Objective The need for clinical staff to reliably identify patients with a shortened life expectancy is an obstacle to improving palliative and end-of-life care. We developed and evaluated the feasibility of an automated tool to identify patients with a high risk of death in the next year to prompt treating physicians to consider a palliative approach and reduce the identification burden faced by clinical staff.

Methods Two-phase feasibility study conducted at two quaternary healthcare facilities in Toronto, Canada. We modified the Hospitalised-patient One-year Mortality Risk (HOMR) score, which identifies patients having an elevated 1-year mortality risk, to use only data available at the time of admission. An application prompted the admitting team when patients had an elevated mortality risk and suggested a palliative approach. The incidences of goals of care discussions and/or palliative care consultation were abstracted from medical records.

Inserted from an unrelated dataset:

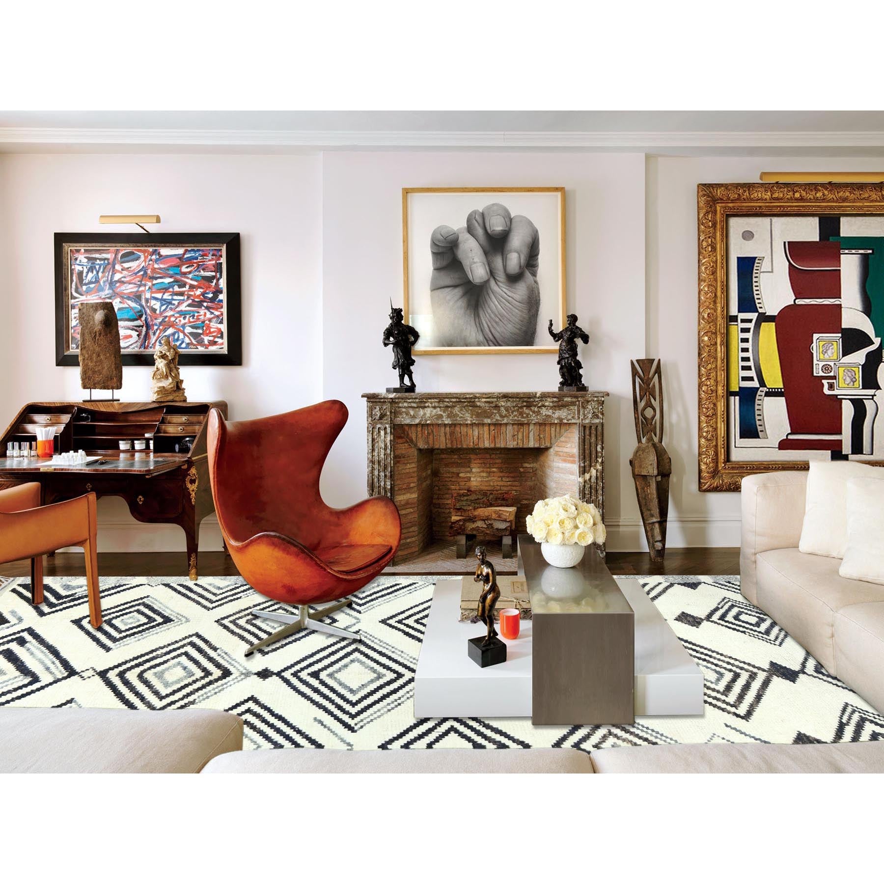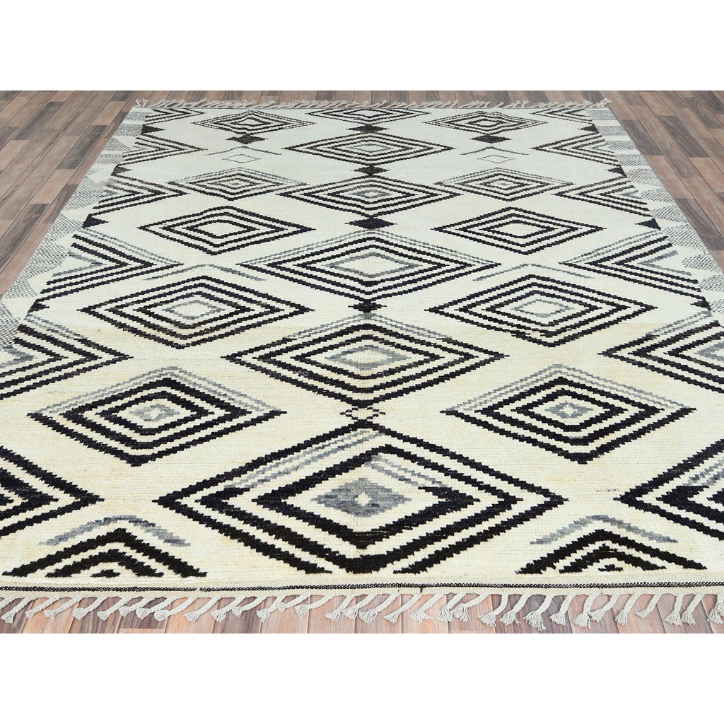 8'x10'10" Pearl Ivory, Ben Ourain Moroccan Berber Influence Design, Natural Dyes, Soft Wool, Hand Knotted Oriental Rug FWR497820

Results Our model (C-statistic=0.89) was found to be similarly accurate to the original HOMR score and identified 15.8% and 12.2% of admitted patients at Sites 1 and 2, respectively. Of 400 patients included, the most common indications for admission included a frailty condition (219, 55%), chronic organ failure (91, 23%) and cancer (78, 20%). At Site 1 (integrated notification), patients with the notification were significantly more likely to have a discussion about goals of care and/or palliative care consultation (35% vs 20%, p = 0.016). At Site 2 (electronic mail), there was no significant difference (45% vs 53%, p = 0.322).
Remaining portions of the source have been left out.